-- Given records follows --
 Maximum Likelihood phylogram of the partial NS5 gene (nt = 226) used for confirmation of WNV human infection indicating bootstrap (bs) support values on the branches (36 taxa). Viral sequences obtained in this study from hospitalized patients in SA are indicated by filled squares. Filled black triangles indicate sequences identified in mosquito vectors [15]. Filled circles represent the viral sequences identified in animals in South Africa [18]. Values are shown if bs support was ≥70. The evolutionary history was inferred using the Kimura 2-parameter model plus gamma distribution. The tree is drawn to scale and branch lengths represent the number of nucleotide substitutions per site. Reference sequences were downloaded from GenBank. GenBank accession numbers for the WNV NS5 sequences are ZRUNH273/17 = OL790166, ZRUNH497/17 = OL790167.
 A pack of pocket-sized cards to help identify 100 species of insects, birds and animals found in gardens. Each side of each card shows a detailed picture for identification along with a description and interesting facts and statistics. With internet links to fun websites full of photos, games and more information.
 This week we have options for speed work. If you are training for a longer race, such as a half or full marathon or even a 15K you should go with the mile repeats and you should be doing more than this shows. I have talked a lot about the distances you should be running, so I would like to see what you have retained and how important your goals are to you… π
-- Given records concluded --
-- Given records follows --
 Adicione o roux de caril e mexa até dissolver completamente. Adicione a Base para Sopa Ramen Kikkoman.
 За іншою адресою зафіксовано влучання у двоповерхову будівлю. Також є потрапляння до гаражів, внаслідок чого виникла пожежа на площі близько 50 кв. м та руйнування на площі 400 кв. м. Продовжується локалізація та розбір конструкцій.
-- Given records concluded --
-- Given records follows --
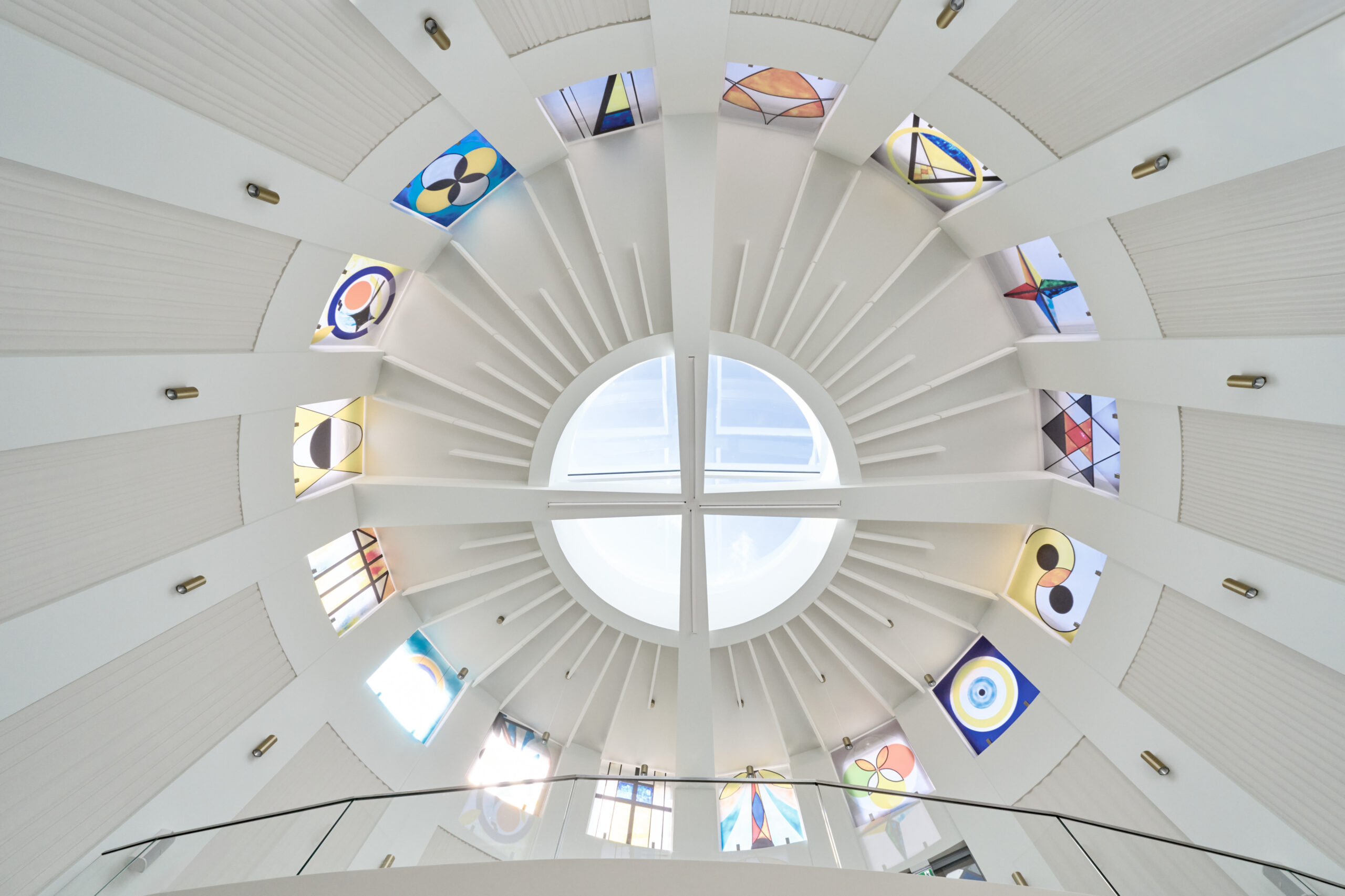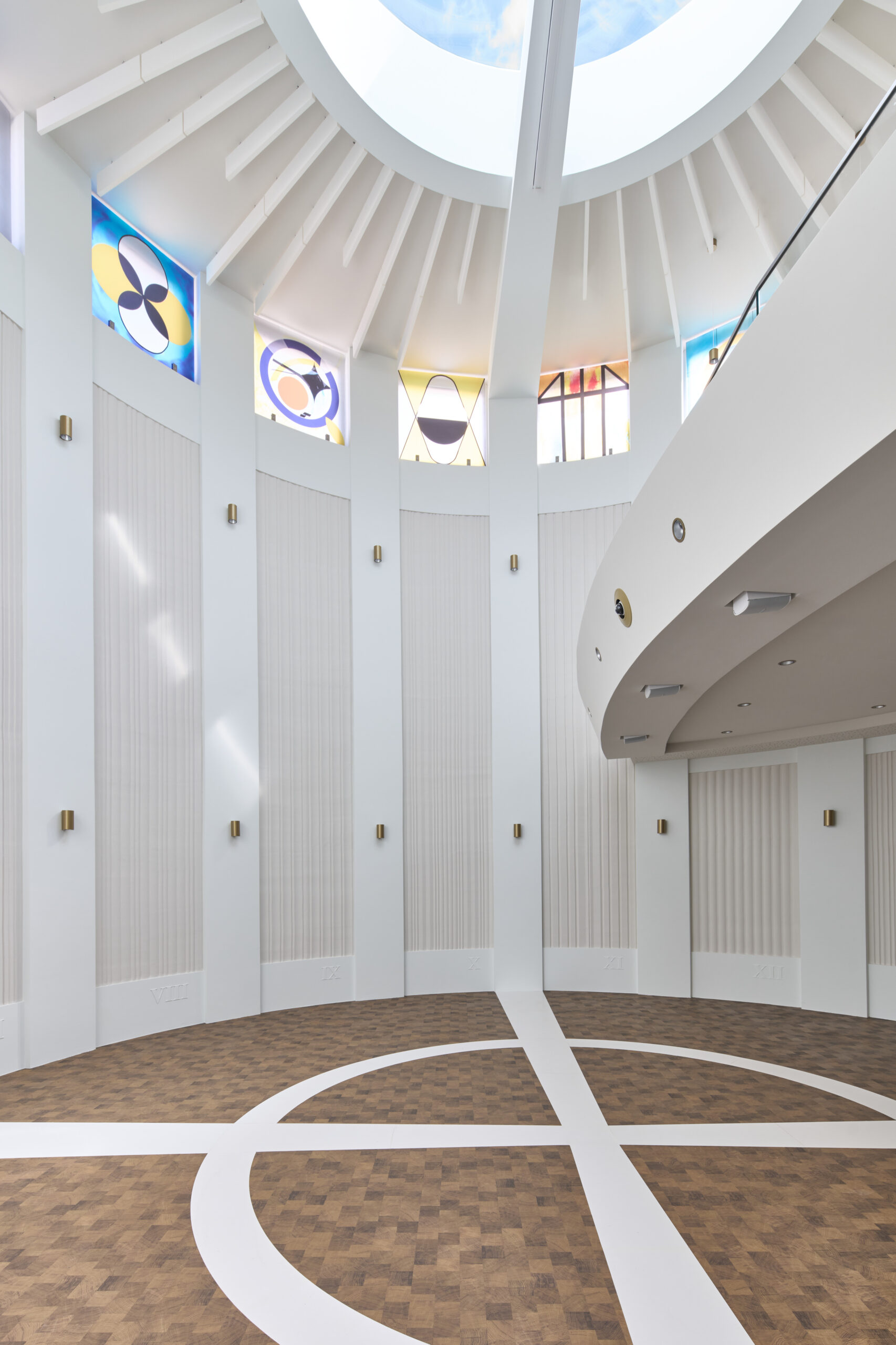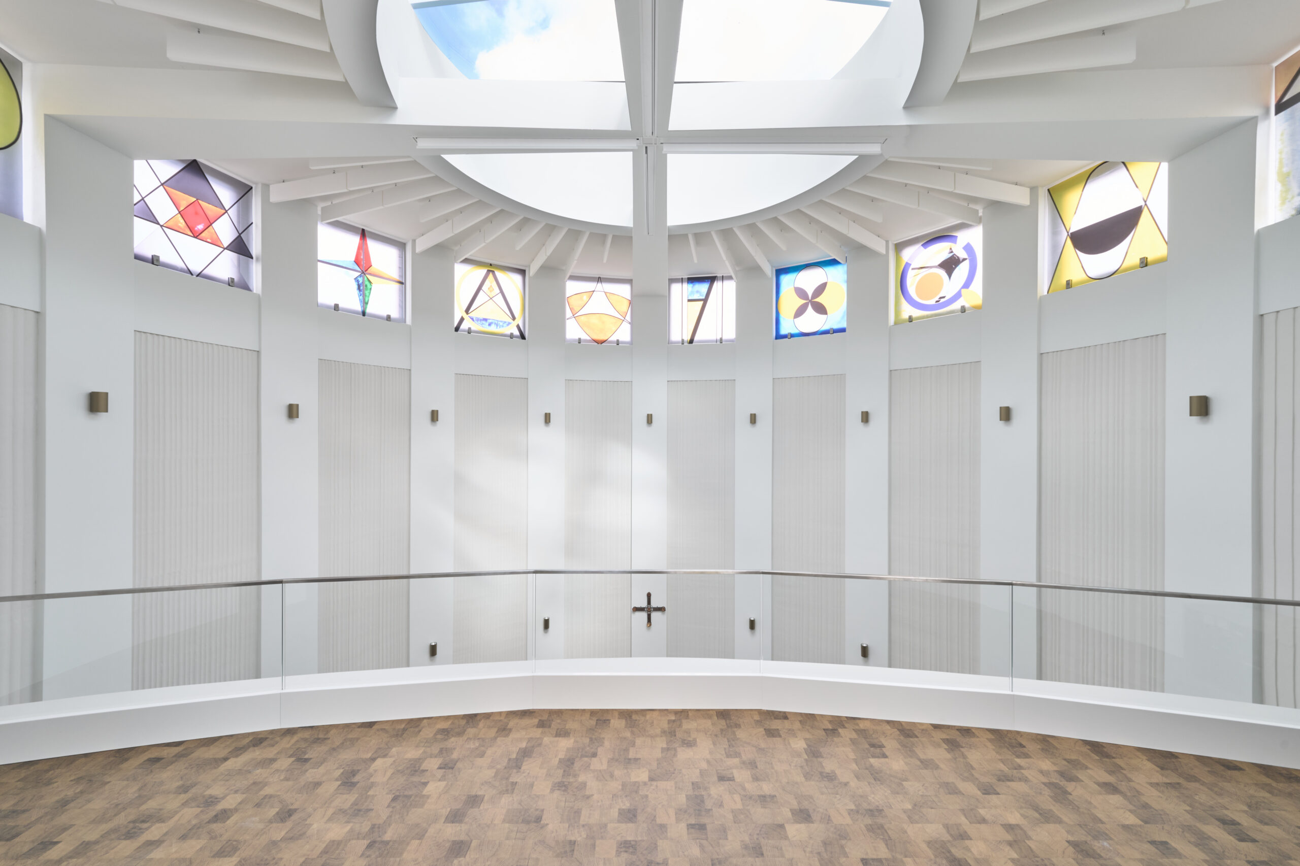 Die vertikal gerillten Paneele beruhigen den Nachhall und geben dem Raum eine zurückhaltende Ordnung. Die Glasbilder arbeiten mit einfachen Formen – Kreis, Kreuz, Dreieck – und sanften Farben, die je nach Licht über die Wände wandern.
-- Given records concluded --
Your task: Say how many lines of the data above include the word "more", and add nothing further.

Written reply: 2